Sunday, 22 September 2013

POPLA show institutional bias by suspending case for parking company to submit more evidence...but cock up dates

[Update; the motorist has been in touch with the Prankster to correct some factual errors. The debt collector letter referred to earlier was for another ticket issued by Secure-a-Space and one where the operator has currently refused to accept that the motorists representations were an appeal. This may well turn into another blog entry...]

The Parking Prankster has been given permission by the motorist concerned to publicise POPLA's latest cock up.

The motorist appealed to POPLA, with one of the appeal grounds being that he was not the driver. The operator's evidence stated that this does not matter if the conditions of POFA 2012 have been satisfied, because they can pursue the registered keeper instead. Crucially, they provided no evidence to POPLA that they had in fact satisfied the conditions of POFA 2012.

This should have been a cut and dried case, with the motorist's appeal upheld by POPLA. No evidence, no case to answer! If the ball had been on the other foot, POPLA would have immediately ruled on behalf of the operator. Here is their statement on the matter from their web site:
The Assessor will not obtain evidence or contact witnesses on your behalf.
Incredibly, the assessor adjourned the case and wrote to the operator asking them to provide more details, asking the operator to either provide evidence who the driver was, or evidence that they had followed the requirements of POFA 2012 correctly. The case was adjourned for 14 days for this to happen. He also asked the motorist to name the driver.

The Prankster considers that POPLA is not behaving in an independent manner by doing this, and is in fact showing institutional bias towards the parking operators.The Prankster notes as one of many 'for instances' that his own appeal was turned down because a witness statement proving the car was 'elsewhere' did not state where 'elsewhere' was. In the Prankster's case, the assessor did not adjourn the case to ask for clarification, but ruled on behalf of the operator.

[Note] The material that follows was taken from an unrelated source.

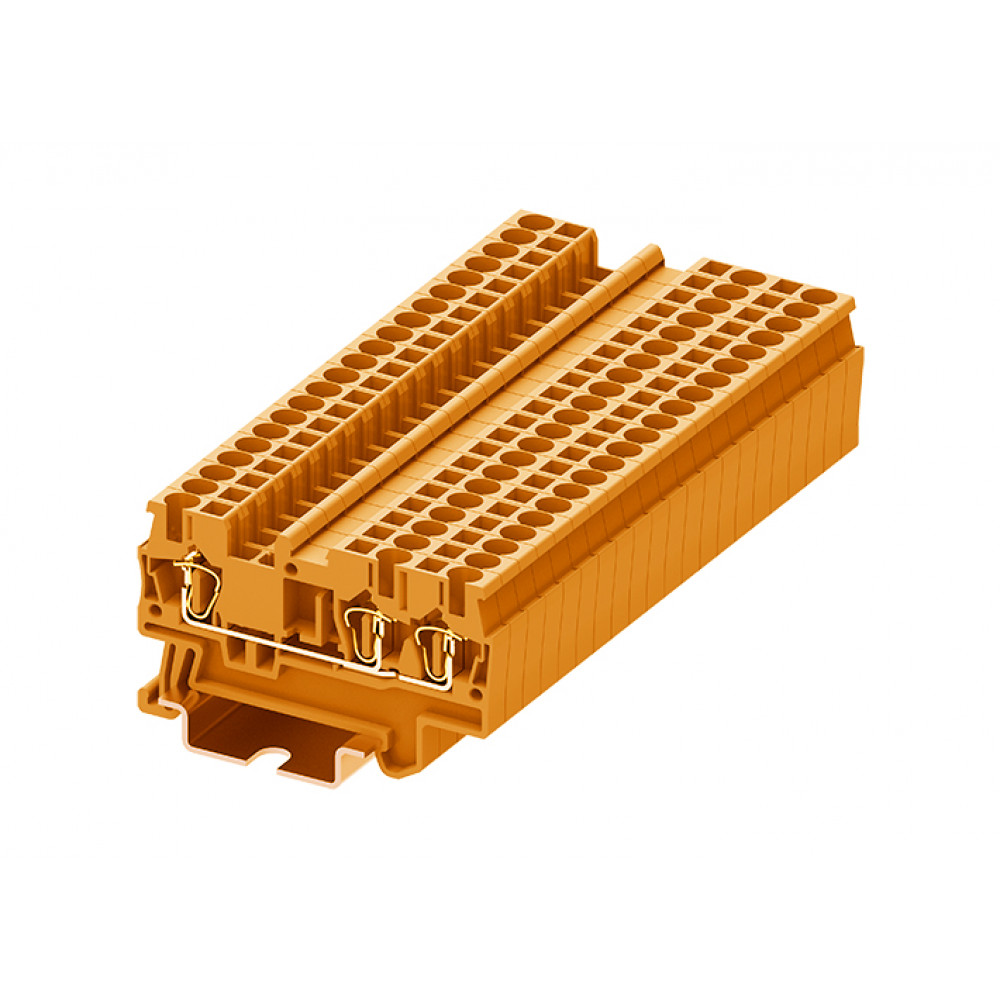 Проходная клемма, 3 точки подключения, тип фиксации провода: пружинный, номинальное сечение: 2,5 мм кв., 24A, 500V, ширина: 5,2 мм, цвет: оранжевый, тип монтажа: DIN35

At this point the case descends into high farce. The assessor suspended the case until the 24th July. However, apparently forgetting this, he reassessed the case one day early on 23rd July, finding in favour of the motorist because the operator did not supply any evidence.

The transcript is produced here:
23 July 2013
Reference: 731xxx3xxx
A Motorist (Appellant)
-v-
Secure-A-Space (Operator)
The Assessor considered the evidence of both parties and determined that the appeal be allowed.
The Assessor’s reasons are as set out.
The Operator should now cancel the parking charge notice forthwith.
Reasons for the Assessor’s Determination
 Ordinarily, liability for a parking charge rests with the person driving at the time of the alleged breach. In his initial representations, the Appellant stated “I wasn’t the driver at the time the car was parked”.
The Operator, declining the Appellant’s initial representations, responded:
“Whether you claim to be the driver or not does not change the process we follow with unpaid Parking Charge Notices. We may request the registered keeper details from the DVLA once time to pay has expired. The registered keeper must then either provide details of the driver or accept responsibility for the Parking Charge Notice themselves.”
The Operator outlined its position accurately. Where a parking charge notice is issued to a vehicle, but the driver’s identity and current postal address remain unforthcoming, an operator may recover the parking charge from the vehicle’s registered keeper. To do so, an operator must issue a Notice to Keeper in accordance with paragraph 8 of Schedule 4 of the Protection of Freedoms Act 2012.
The Appellant appealed to POPLA on various grounds, including the issue that the Operator did not have the driver’s details. The appeal was adjourned on 10 July 2013 until 24 July 2013 for either party to provide the driver’s details or, in the case of the Operator, to show that the registered keeper was liable.
The Appellant responded by declining to provide the driver’s details. The Operator did not respond.
Accordingly, in the absence of the driver’s details, the Operator has not established that the registered keeper is liable for the parking charge as required by the aforementioned act.
I must therefore allow the appeal on this ground.
It therefore does not fall for me to consider any remaining issues.
Matthew Shaw
Assessor
The whole situation is a shambles and still has not ended. The operator is hopping mad at POPLA because they did in fact produce their evidence at the last minute on 24 July. The operator is demanding that the case be re-opened. This is a violation of the BPA Ltd code of practice.

The motorist has complained to the BPA Ltd, but they appear to have missed the point that the operator has not accepted POPLA's verdict, (despite being a massive cock up by POPLA, the code of conduct does not allow the operator to appeal). They brushed off the complaint, thanking the motorist for his help in driving up standards in the parking industry.

No doubt this will all be resolved soon. The Prankster believes that since POPLA had no right to adjourn the case anyway, and were certainly colluding with the parking company by trying to trick the motorist into naming the driver, that they should uphold the appeal. The Prankster also believes the BPA Ltd should re-open this case and investigate further why the operators has not cancelled the charge after POPLA ruled on behalf of the motorist.